As shown in Figure 1, several metallic conductors 1, 2, 3 are installed inside the RC, and potential differences are applied between these conductors and the RC shielding, thus exciting TEM modes. The obvious advantage is that the field distributions thus generated are not limited in frequency, and can therefore be applied to devices under test (DUTs) placed near the TEM lines. Unfortunately, this solution is not interesting for several reasons: • as known from electromagnetic theory, and clearly visible in Figure 1.1, TEM modes present strongly localized field distributions. This is indeed the reason why they are so widely used in transmission lines as wave-guiding modes. Such property implies that the use of TEM modes for illuminating a DUT is not effective, since it requires the DUT to be at close range. At the same time, the localization of the energy means that TEM modes are ineffective in transferring power towards the DUT; this being one of the main advantages of RCs, in order to create high field levels, TEM modes would present performances similar to the use of an anechoic chamber. This conclusion is inevitable, since TEM modes are quasi-static distributions that cannot be made to resonate inside a finite-volume RC;

• TEM modes present a longitudinal invariance in their transversal field distribution. In other words, the field distribution is the same along the TEM lines. The direct by-product of this fact is a strong correlation along the additional conductors; in fact, spatial correlation is opposed to the very idea of RCs, as it would reduce the "randomness" of the electromagnetic field illuminating a DUT. Similar conclusions can be drawn concerning the polarization of the field, again due to the static behaviour of the TEM modes. Another recently proposed solution considers applying wire resonating antennas near the RC walls, designed as to resonate at certain fundamental frequencies closed to the desired frequency of testing . The antennas are terminated by time-varying loads, switched on and off according to a periodic pattern. In L. R. Arnaut, "Compound exponential distributions for undermoded reverberation chambers", IEEE Transactions on Electromagnetic Compatibility, Vol.44, No. 3, August 2002, this approach has been shown to lead to an enhanced spatial uniformity in the lower frequency range of the overmoded region. Nevertheless, although interesting, this approach cannot create new modes as it does not attempt to modify the boundary conditions over the RC walls. Neither a theoretical explanation of the working of this system, nor design rules, have yet been given by the authors, thus jeopardizing its adaptation to RCs of different dimensions. Furthermore, the use of specifically tuned antennas means that this solution is not easily reconfigurable, unless the antennas were physically changed when changing of frequency range. Other solutions consist in additional antennas. This last class of solutions is the most promising, since intrinsically based on the idea of reconfigurability. Two configurations have been proposed so far; the first one, due to Voges et al ., "Electrical mode stirring in reverberating chambers by reactively loaded antennas", IEEE Transactions on Electromagnetic Compatibility, Vol. 49, Issue 4, November 2007, considers the use of antennas mounted on the walls of the RC, see Figure 2.
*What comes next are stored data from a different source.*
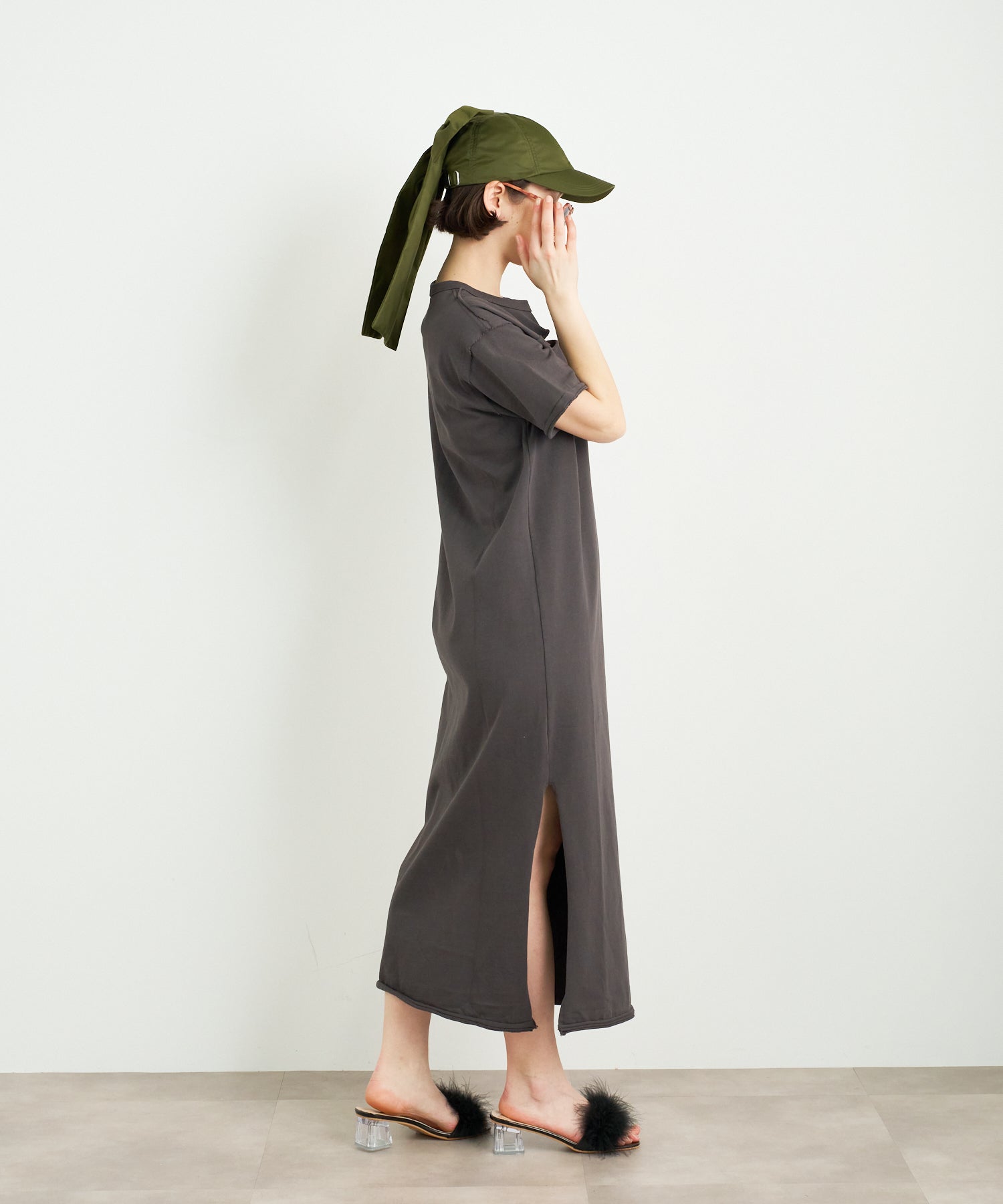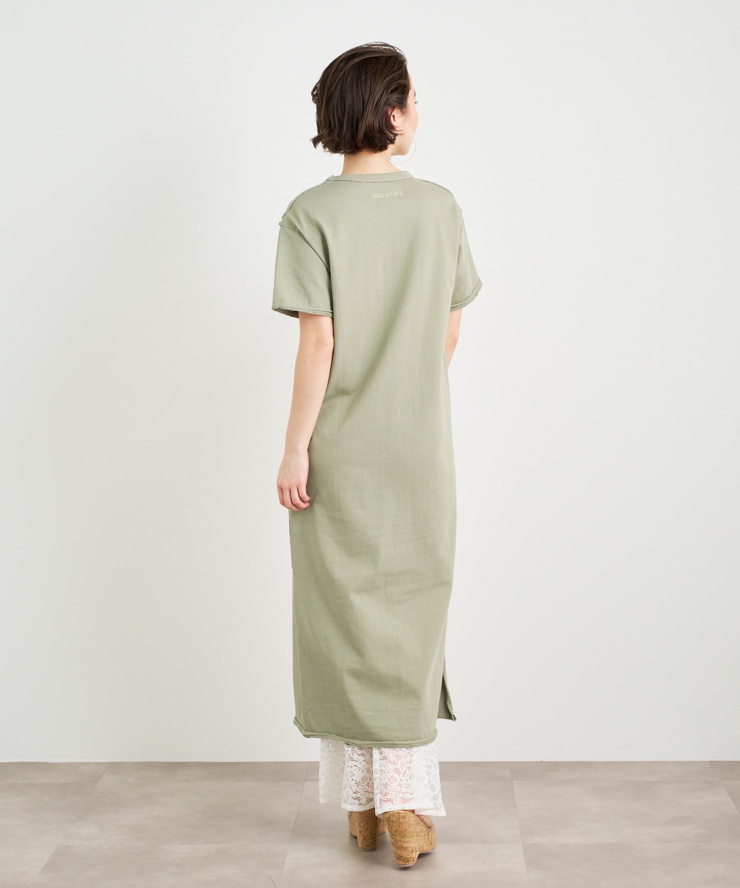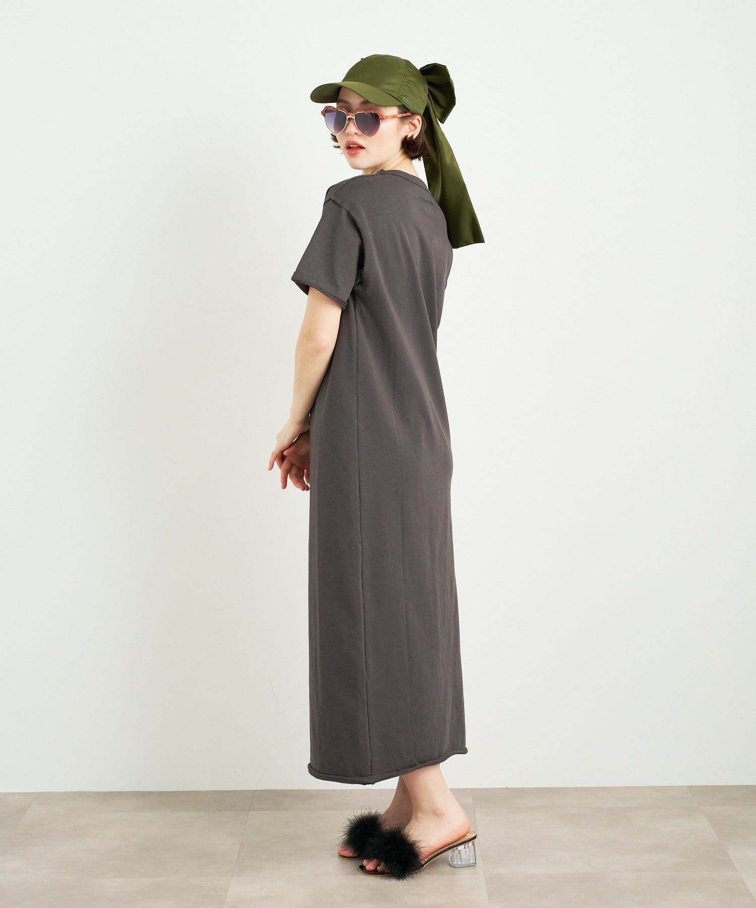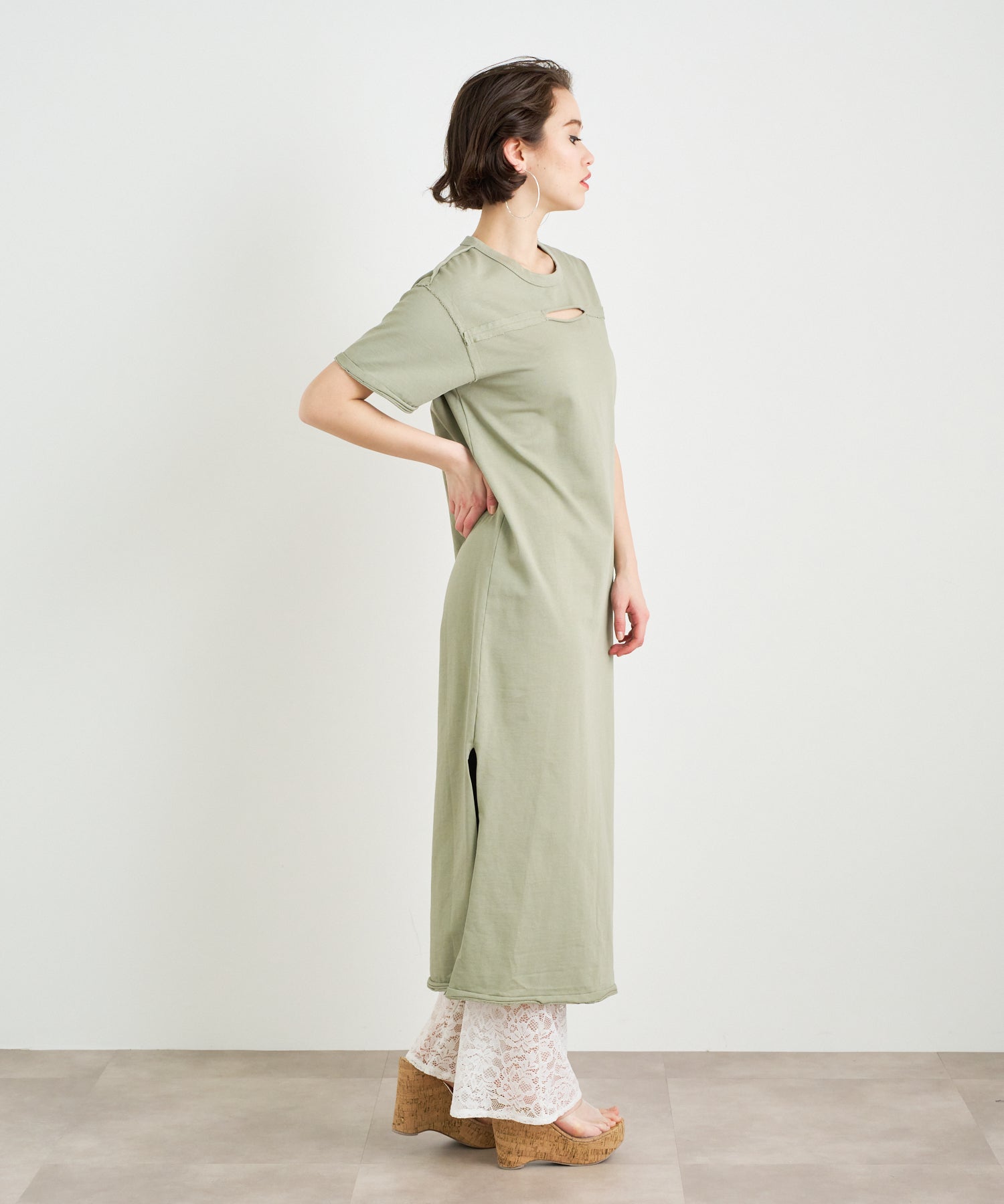 加工感が今っぽいTシャツワンピ。胸元のヘルシーな肌見せやドロップショルダーシルエットが程よい抜け感を演出してくれます◎アイテム自体に表情感がある為、1枚で着ても様になるアイテムです。
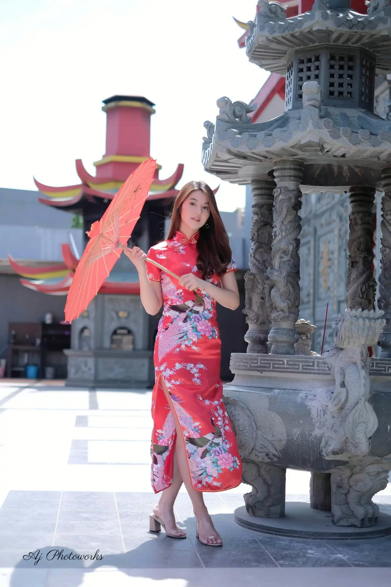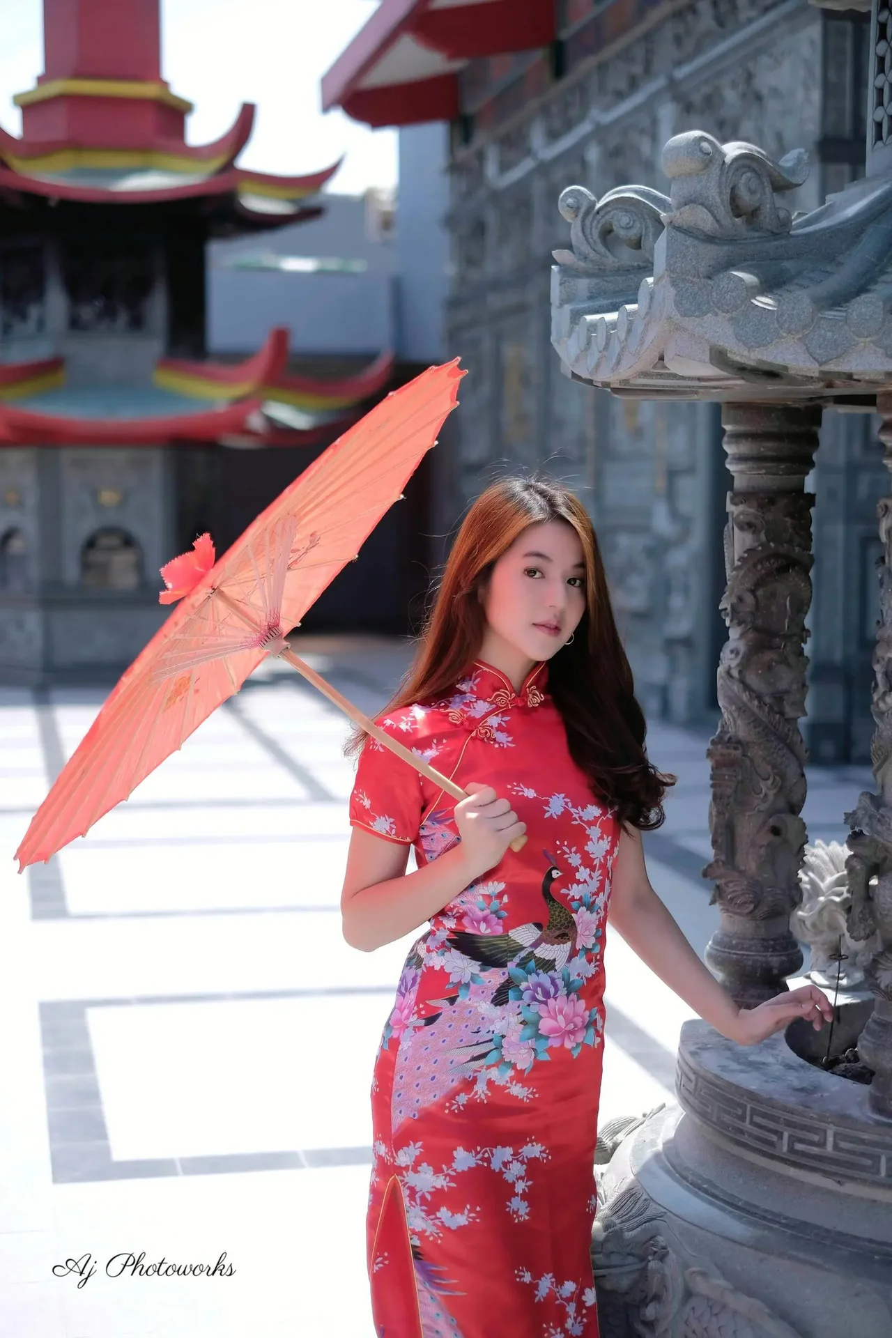 Vibrant red floral qipao with traditional motifs set against ornate Asian temple architecture, blending cultural heritage with modern portraiture.
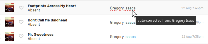 A userscript that highlights auto-corrected artist names and track titles on your last.fm profile pages. Last.fm will display corrected scrobble data when the 'Auto-correct the spelling of your scrobbles' option is enabled in the website settings. A last-fm pro-subscription is required for it to do its work.
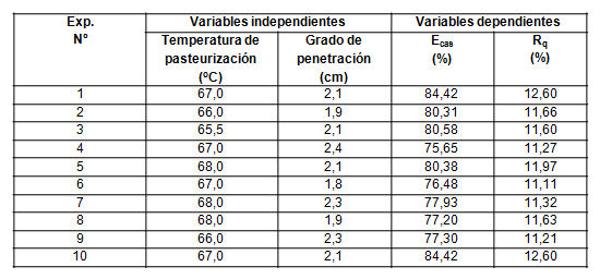 Los valores óptimos de las variables independientes, según el programa, fueron: temperatura de pasteurización 66,8 oC (67,0 oC) y grado de penetración 2,08 cm (2,1 cm).
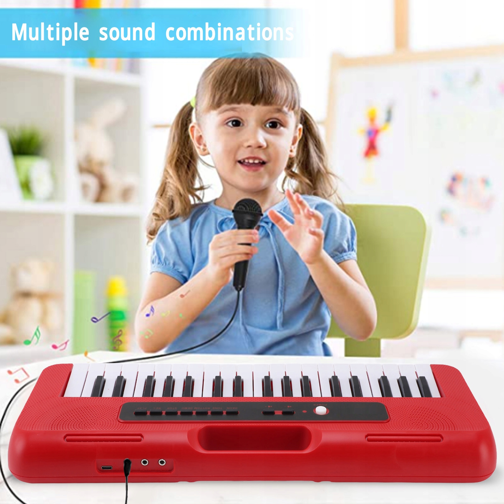 Функція:1. Багатофункціональна клавіатура: клавіатура містить 37 клавіш, що відповідають унікальній ноті, 4 тону, 4 ритми та 10 демонстраційних пісень. Він також підтримує такі функції, як запис, зупинка, відтворення та регулювання гучності, додаючи глибини для дітей.

Theses antennas are loaded by passive reactive circuits that are meant to modify the boundary conditions over the walls. The Authors proposed this solution as a new mode-stirring technique, as an alternative to existing ones. They did target neither the low-frequency range, nor the enhancement of the performance of the RC.

Indeed, the main problem with this solution is that, again, no physical interpretation is proposed, so that no design rules are available. Furthermore, the lack of active control means that the stirring ability of this solution is strongly impaired : the Authors report a one thousandth mode-stirring ability around the nominal frequency. They were not even able to explain the reason for the antenna choice, their positions, nor the value of the reactive loads. The second solution goes back to 1996, due to Goldblum, "Enhanced mode stirred test chamber", United States Patent No. 5,530,412, June 25, 1996. The idea here is to exploit the high-level field that is typical in the near-field region of resonant antennas. This was implemented, as depicted in Figure 3, by using transmitting antennas that radiates energy at frequencies at which the cavity does not resonate. Thus, the antenna excites a predominantly evanescent field distribution; the rods, placed at specific distances, resonate, and present a high-level field close to their surfaces. Therefore, by placing a DUT near them, it will be exposed to potentially very strong fields. Although interesting for high-power microwave tests, this technique is by no means a good solution to the original problem of the LUF. First of all, the energy is again strongly localized, although in this case the mechanisms are rather different from the case of TEM modes. Second, nearly all advantages of RCs are lost: the only one still subsisting is the possibility to attain high-level fields. But the randomness, statistical uniformity, unpolarized nature of the field distribution can no longer be attained, since, as for TEM lines, the field distribution is strongly correlated space-wise. An object of the present invention is to overcome drawbacks of prior art by providing a new method for controlling the statistical properties of the electromagnetic field in a reverberation chamber. Another object of the present invention is the use of a reverberation chamber at low frequencies. The present invention also aims at reducing the cost of a system providing statistically uniform field inside a reverberation chamber.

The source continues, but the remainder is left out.